Of course it is "not true". It was a hypothetical value to aid an explanation.
My dissertation began with "To explain in a SIMPLE manner" then I went on to say "in the ORDER of 14.6 volts". The actual voltage is of no consequence, it is merely a nominal value to aid the basic explanation.
I was answering Sigmund's question of "can time substitute for volts?" in a simple manner without nominating precise values. I did not even confound it with talk of "float voltages" and the complexity of the whole charging algorithm.

Ask Sigmund whose response addressed his question with some acumen.

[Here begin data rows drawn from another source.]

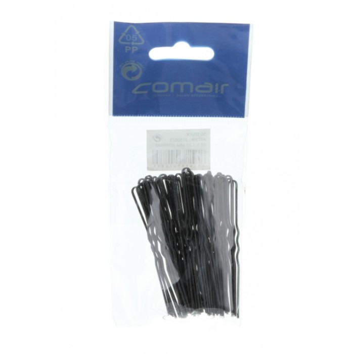 Щоб надійний інструмент завжди був під рукою, радимо придбати товсті чорні шпильки ТМ Comair (65 мм). Вони відмінно підійдуть для моделювання зачісок будь-якої складності з волосся будь-якої довжини. Будучи міцними, ці шпильки не «бояться» впливу різних хімічних речовин, які зазвичай використовують у перукарських салонах. Вони гнучкі та міцні. Для посилення фіксації на шпильках відсутнє полірування і є частина хвилястої поверхні, завдяки якій вони не зісковзнуть. Темний колір сприяють тому, що вони непомітні на темному волоссі.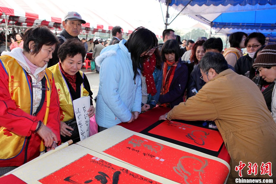 2月12日下午,冒著冷風(fēng)細雨,臺灣數(shù)千名書法家及愛好者在臺北揮毫,迎接辛卯新春,F(xiàn)場翰墨飄香,展現(xiàn)書藝傳承,充滿文化氣息。中新社記者 董會峰 攝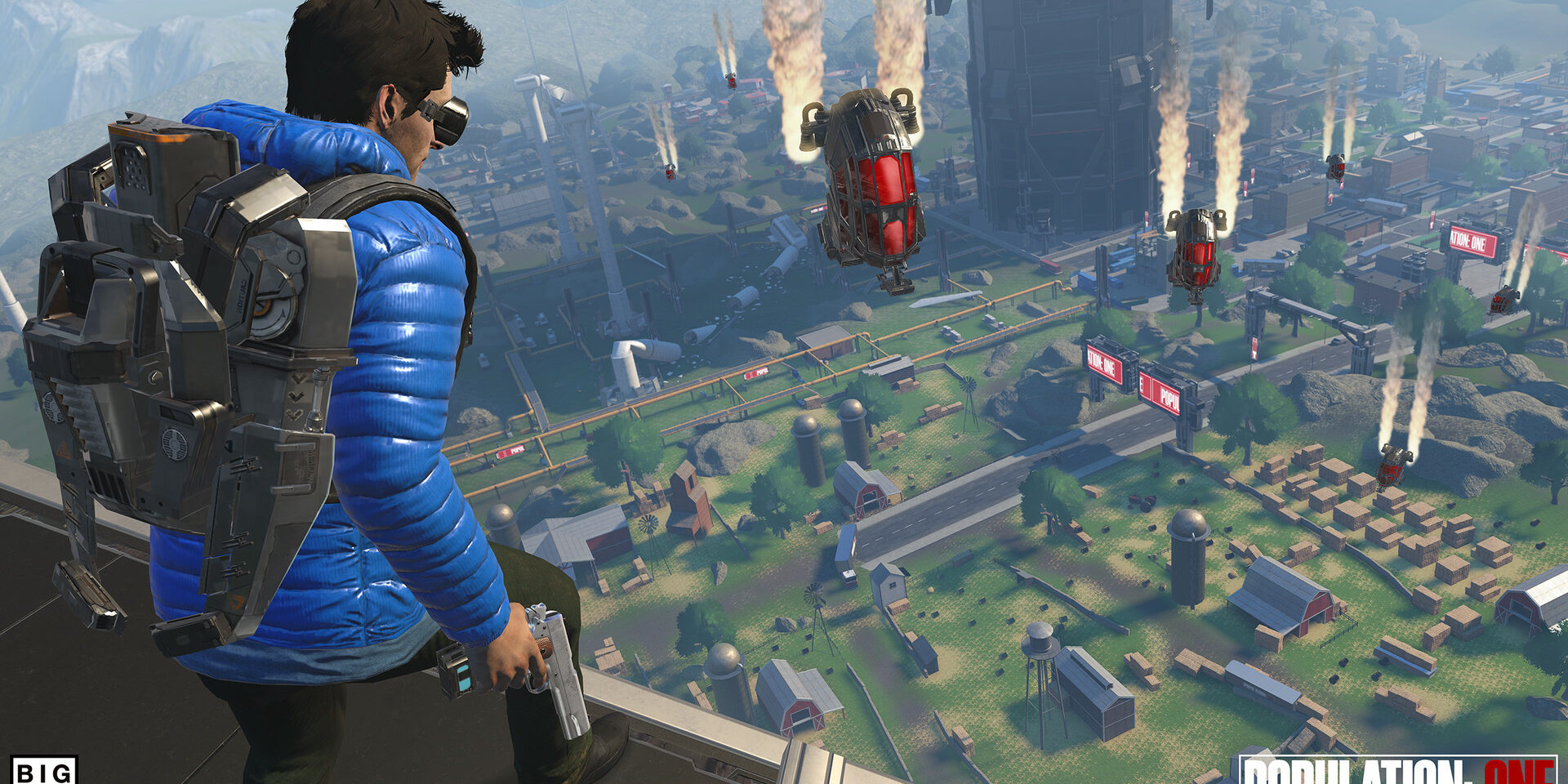 Come ogni moderno battle royale, POP: ONE fa calare i giocatori all’interno di un’enorme mappa (circa un chilometro quadrato), dove si scontreranno con gli altri partecipanti. Ma POP: ONE va oltre le classiche regole del genere, concentrandosi sul movimento e sulle scelte del giocatore attraverso il “Vertical Combat System”, che permette di arrampicarsi su qualsiasi cosa e di volare ovunque. Inoltre, quando è il momento di cercare un riparo, ci si può costruire un rifugio. I veterani delle battle royale cercheranno la vittoria basandosi sul controllo della mappa, appostandosi su punti sopraelevati che diano loro una perfetta panoramica della situazione.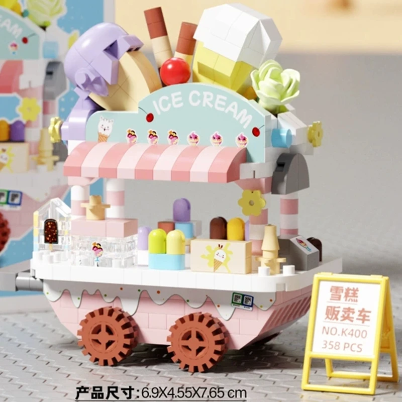 NEW DIY Selling Car Food Truck Fruit Ice Cream Store Flower Street View Building Blocks Kit Girls Bricks Model Kids Toy Children

Alan my appologies, I stopped reading at after:

"As you have pointed out, a certain minimum applied voltage is required to achieve a complete charge to a battery, in the order of 14.6 volts for a lead acid battery."

Which as you wrote later is not correct.

Thanks for the expert input gents.

I'd come to this way of thinking after a couple of years of struggling to get my batteries fully charged from a standard setup (spec below). I could drive for 3 days and see the voltmeter read 12.6 on day 2 and 12.8 on day 3 but drop to 12.2 overnight on a draw nowhere near half the 220 Ah max battery capacity.

On one occasion with the rig at home I put the 240 v smart charger on and saw the meter regularly spiking to 15.5 v briefly and dropping back. Since then I learned that's an indication of a seriously discharged battery.

Also since then I learned that a voltmeter reading of the battery is unreliable. I can guarantee they'd never dropped below an indicated 12.2 but the smart charger sensed otherwise.

So this was the rig:
120 amp standard alternator; Redarc smart isolator; 8 m of 6 B&S; 2 x 110 Ah AGMs. When discharged to 11.8 v the system could put 13.7 v and 19 amps into the batteries.

It wouldn't do what I wanted of it over 2 days (19 hours) of driving, even when I'd started with the voltmeter reading 12.8. I had the batteries load tested and they were fine. So whatever the volt x time relationship is it wasn't working for me.

HKB, your rig isn't exactly a standard setup is it, with a 24mm sq wire?

That's what, 3 B&S? So your voltage drop is going to be lower.

My impression is that 6 B&S is generally fitted. Though I note Redarc recommends 4 B&S for van/CT circuits in the 10 m realm.

"So this was the rig:
120 amp standard alternator; Redarc smart isolator; 8 m of 6 B&S; 2 x 110 Ah AGMs. When discharged to 11.8 v the system could put 13.7 v and 19 amps into the batteries."

Depends on the batteries and the cabling, I would not use 6B&S to charge batteries in a camper but many do.

11.8V is around 20%SOC, a 100Ah Marine pro discharged to 40% SOC will initially draw over 60A, 30 minutes later it will be 27.5A@13.47V, an hour later 17.5A@13.77 volts and that's being charged via around 6M of 10mm2 cable.

Again it all depends on your setup, if for example you have 2X100Ah Haze gel batteries putting a DCDC charger bigger than 20A is pointless as they just won't accept that charge rate.

If we go the other extreme and put in LifePo4 then you'll have issues trying to keep the charge current under safe level for the cabling and alternator.